Hello everyone,
I am seeking to model the decomposition of a reacting solid domain as it is heated by surrounding flow. As the domain is heated, it ejects gases out of its boundaries. In the System Coupling approach, the fluid domain is modeled with an Ansys Fluent participant (passing heat flux to System Coupling), and the solid domain is modeled with an external Python participant (passing wall temperature to System Coupling).
This example "Heat transfer in a square channel" from the System Coupling Participant Library documentation gets me remarkably close to my end goal. It covers the heat transfer between Fluent and an external Python process.
The missing piece is how to perform the one-way passing of species mass flux from the external Python solver to Fluent. From reviewing the documentation, it appears that species mass flux is not a supported transfer variable out-of-the-box - this makes sense because typically anything dealing with species mass flux would be performed within the internals of the CFD participant.
My two paths forward are:
1. I see that UDMs are supported as input variables for a Fluent participant, but I have not been able to pin down any examples or documentation on how to accomplish this. If I can write to a face UDM (an F_UDMI) in Fluent, that would allow me to handle the injection of gas using UDFs. Does anyone have any pointers on how to do this? With this approach, I am able to stay in System Couplings standard Python API.

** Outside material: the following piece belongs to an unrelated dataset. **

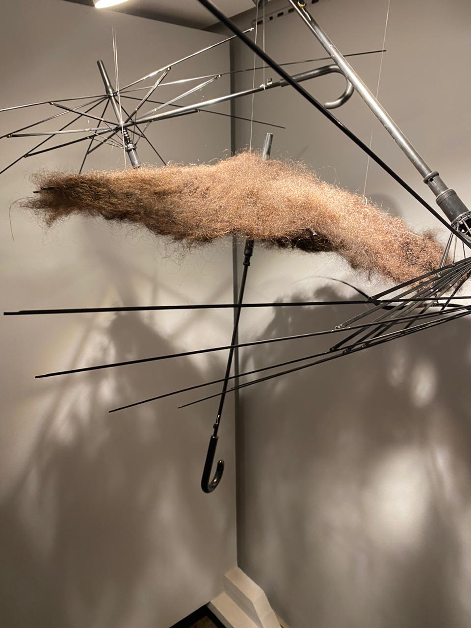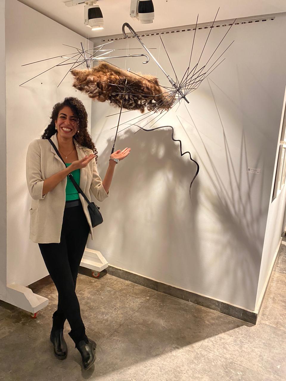 وتضيف أنها استخدمت الشمسية، حيث إنها تستخدم للحماية، وأزالت الهيكل الخارجي للشمسية ووضعت مكانه الشعر، لتعبر أن فقدان شخص غال في حياتنا يعني فقدان مصدر الأمان.

2. Possibly step into the PyAnsys ecosystem. I would perform a write operation on my Fluent participant using direct pyfluent calls to write information from the external Python solver to the fluid domain - within every pysystemcoupling solution step. I have a suspicion that injecting information into the PyFluent participant would clash with PySystemCoupling's solution process.
If anyone could provide input on how to accomplish this mass injection into Fluent via System Coupling - particularly how to transfer information to a UDM - that would be amazing.